藪から棒ですが「地域おこし協力隊」ってご存知ですか?
人口減少や高齢化などが進んだ地域で、地域外の人材を登用し、地域活動に協力してもらいつつ、その定住・定着をはかり、地域の活性化をすすめよう、という総務省の制度です。その活動は農林水産業、環境保全・保護、医療福祉サービス、観光開発、教育支援、地域づくり、伝統文化の保護など多岐にわたり、現在、全国に約5,000人ほどの「地域おこし協力隊員」がいるそうです。
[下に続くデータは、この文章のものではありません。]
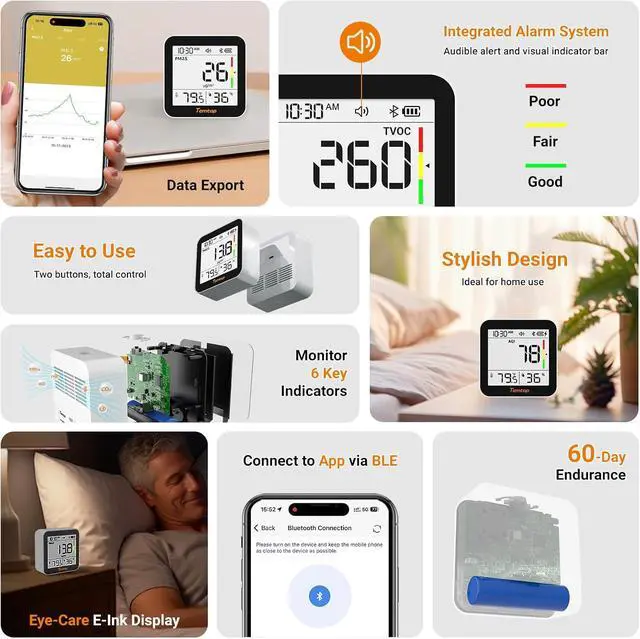 Silent Monitoring & Alerts: The M10+ allows users to disable the buzzer alarm, ensuring uninterrupted peace during air quality monitoring. This feature is particularly beneficial for night-time use, making it an ideal companion in bedrooms without disturbing your rest.

というわけで…。小川村の地域おこし協力隊員・河野孝司さん(山口県出身)から編集部あて電話があったのは、11月のとある日のこと。
「村のガソリンスタンドで、パンを売り始めました」と。
「どゆこと?」と思い、取材に行ってみることにしました。

12月某日
まずは、パンを販売しているというガソリンスタンドへ。のぼり旗を河野さんに持っていただきました。

編:「へそおこし」とか「村ぱぁん」ってなんですか?
河: 小川村には、標高差を無視した平面図において均衡を保てる点、本州のへそ、って言われている場所があるんです。
編:佐久市臼田に日本で一番、海に遠い場所があるのは知ってましたが…。ん?もしかしてこのくだり、観光PRを兼ねてますか?
河:かつてはここに神社が祀られていたとか。隠れた「パワースポット」ですね。
編:つまり「へそ」を使って地域おこしができればってことでしようか?
河:そんなこんなでブランド名は「へそおこし」、商品名は「村ぱぁん」に決まりました。
編:小川村と言えば囲炉裏の「おやき」。それにつづく食文化の提案ですね。

ちなみにこちらの写真、ちょっとわかりづらいですが、その「へそ地点」の写真です。提供は河野さん。地面から棒が出ているだけの写真ではありません。パワースポットの写真です。

陳列棚はこんな感じ。
販売は毎週木曜のお昼ごろから土曜まで。
生産量は週に40個ほど。かなり希少です。
なくなり次第、販売終了となります。

上の段は黄大豆を使用した「村ぱぁん白」200円(税込)。
くしくも取材にうかがったのは木曜の午後2時ごろ。
おっ!2時間でひとつ売れてる!

下の段は黒大豆を使用した「村ぱぁん黒」250円(税込)。
黒大豆の原価が少しかかっているので+50円だそうです。

購入すると、こんな感じの袋に入れてくれます。

うしろはこんな感じ。左上の「村土産」の文字に、なんとなく心があたたまります。


 
 

そもそも、河野さんの当初の構想は「村弁」でした。小川村の地場産品を使ったお弁当の開発。が、それはちょっとハードルが高かったみたい。もう少しチャレンジしやすい現実的なもの、ということで構想を練り直し、小川村や長野市西部地区(旧信州新町・旧中条村)の特産品である「西山大豆」の「きな粉」をクリームに使った「パン」に辿り着きました。「イメージは、これも信州の独自文化、牛乳パンです」とのこと。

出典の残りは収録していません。